For the Panchmel Dal
Ingredients
2 tbsp Split Bengal Grams (Chana Dal)
2 tbsp Yellow Split Dal (Tuvar Dal)
2 tbsp  Split Green Gram (Moong Dal)
2 tbsp Split black Dal (Urid Dal)
2 tbsp Pink lentils (Massor Dal)
1/4 tsp Turmeric powder
1/2 tsp Coriander Powder
1/4 tsp Chilli powder
1/2 tsp Garam Masala powder
1/2 tsp Dry Mango powder
Salt to taste
1/2 tsp Cumin seeds
2 Bay leaves
2 Cloves
1 small Cinnamon stick
1 Red dry Chilli
2 Pinch of Asafoetida
1 Green Chilli slit
1/4 tsp Ginger grated
1/2 tbsp Ghee

Method
Clean and wash the dals, soak it for 30 minutes. Add 3 cups of water and pressure cook it. Give 3 to 4 whistles. Once the pressure releases, open the cooker. Add turmeric powder, garam masala powder, coriander powder, dry mango powder, 1/4 tbsp ghee, ginger and green chilli in the dal. Mix it. Add the water if required. Simmer on low heat for 20 minutes.  Heat rest of the ghee in a pan, add cumin seeds, bay leaves, cloves, cinnamon, red chilli, let the cumin seed crackle. Add asafoetida and red chilli powder. Add 1 tbsp of water in the seasoning to avoid burning of chilli powder, cook for few seconds. Add the seasoning in the dal. Simmer for 2 minute more. Serve with the Batis.


For the Bati
Ingredients
1 cup Whole Wheat Flour
1/2 cup Semolina
1 tbsp Bengal Gram Flour
1/4 tsp Carom seeds
1/2 cup Milk
Pinch of Baking Powder
Salt to taste
1/2 tbsp  + 1/2 tbsp Melted Ghee

Method
In a mixing bowl, Mix all the dry ingredients and mix it.
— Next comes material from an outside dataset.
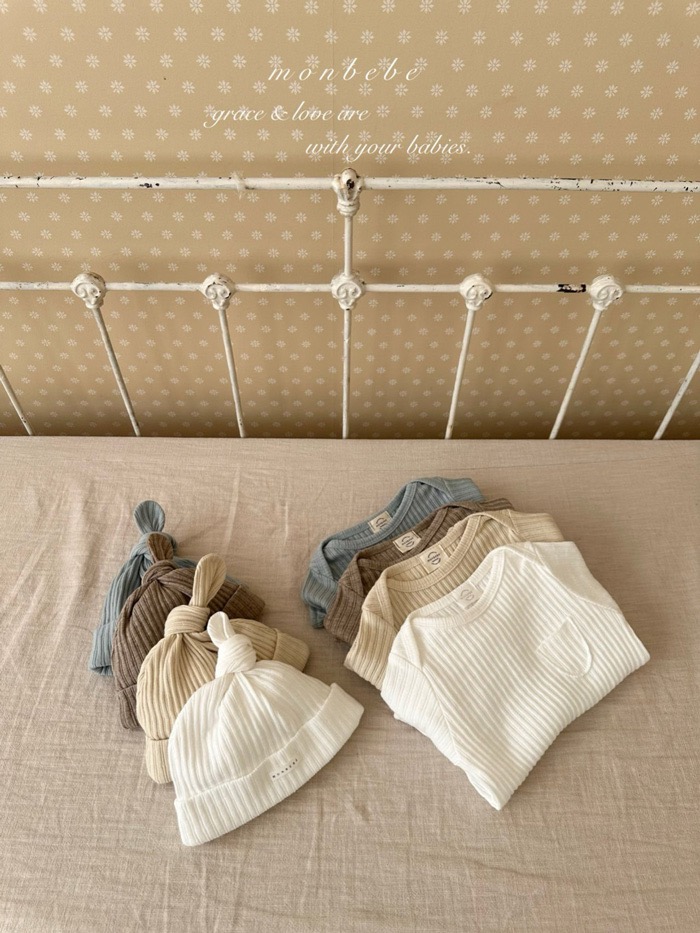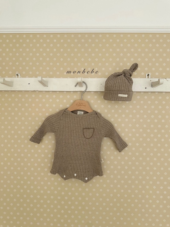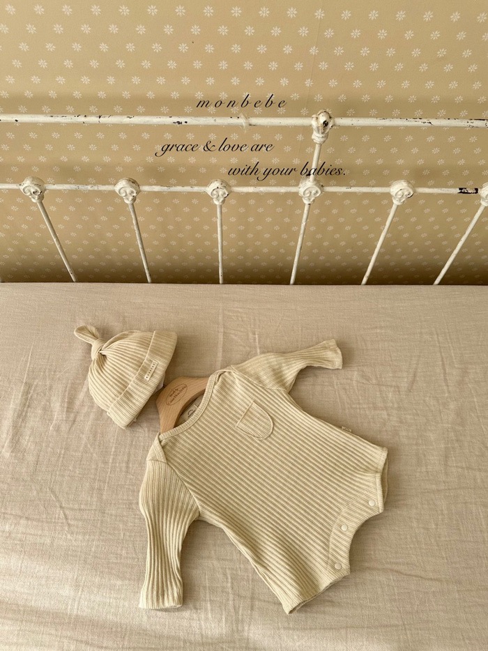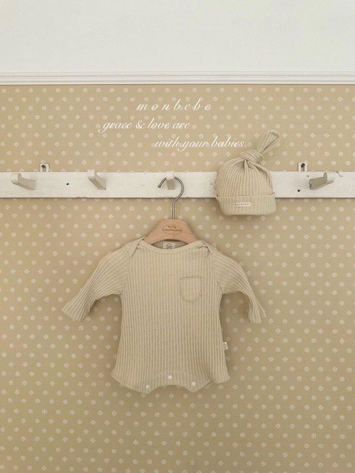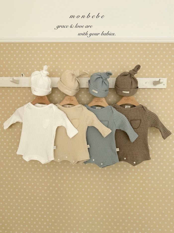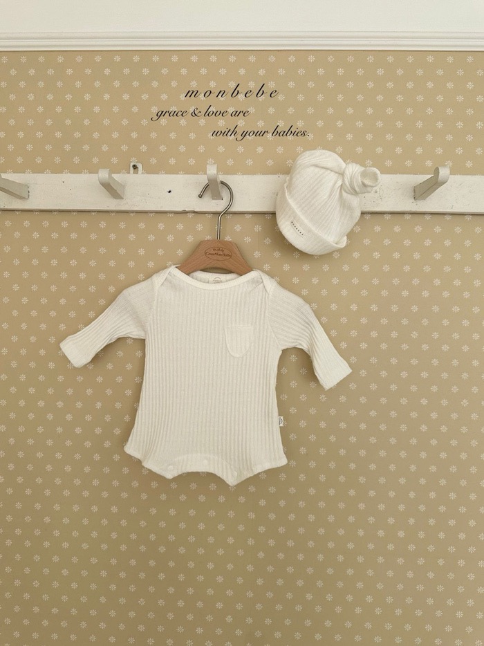 小口袋紋理包屁衣+寶寶帽set

Add 1/2 tbsp of ghee, rub the flour with the help of the Palm. Add milk, and water if required little at a time. Knead it into a firm dough. Knead well for 5 minutes. Divide the dough into equal portions and shape each portion into an even sized round balls. Flatten the rounds lightly using your thumb to make an indentation in the centre of the ball. Arrange the baatis on a baking tray. Brush ghee on the Batis. Bake in a pre-heated oven at 180 degrees Celcius for 40 minutes turning it over occasionally. Brush ghee on the Batis break each baati into pieces and pour hot panchmel dal over the baatis.


For the Churma
Ingredients
1/2 cup Whole Wheat Flour
2 tbsp Fine Samolina
Pinch of salt
2 tbsp Powder sugar or more as required for sweetness
2 pinch Cardamon powder
1 tsp Almond Flakes
1/4 or more Milk
1/4 tbsp + 1 tsp Melted Ghee

Method
In a mixing bowl, mix whole wheat flour, Simolina and salt. Add 1/4 tbsp ghee, mix it. Add milk little at a time and make a firm dough. Knead it for 5 minutes. Make equal portion of the dough, brush the churmas with ghee, bake it at 180 degrees Celcius for 40 minutes turning it occasionally till brown on both the sides.  Cool the churmas, blend the churmas in a blender, add powder sugar, Cardomom powder and the remaining ghee and mix it. Add the almond flakes for garnishing.
P.S. I have baked the Churmas along with the Batis...
Please use melted ghee according to the measurement to reduce the quantity of ghee used while brushing.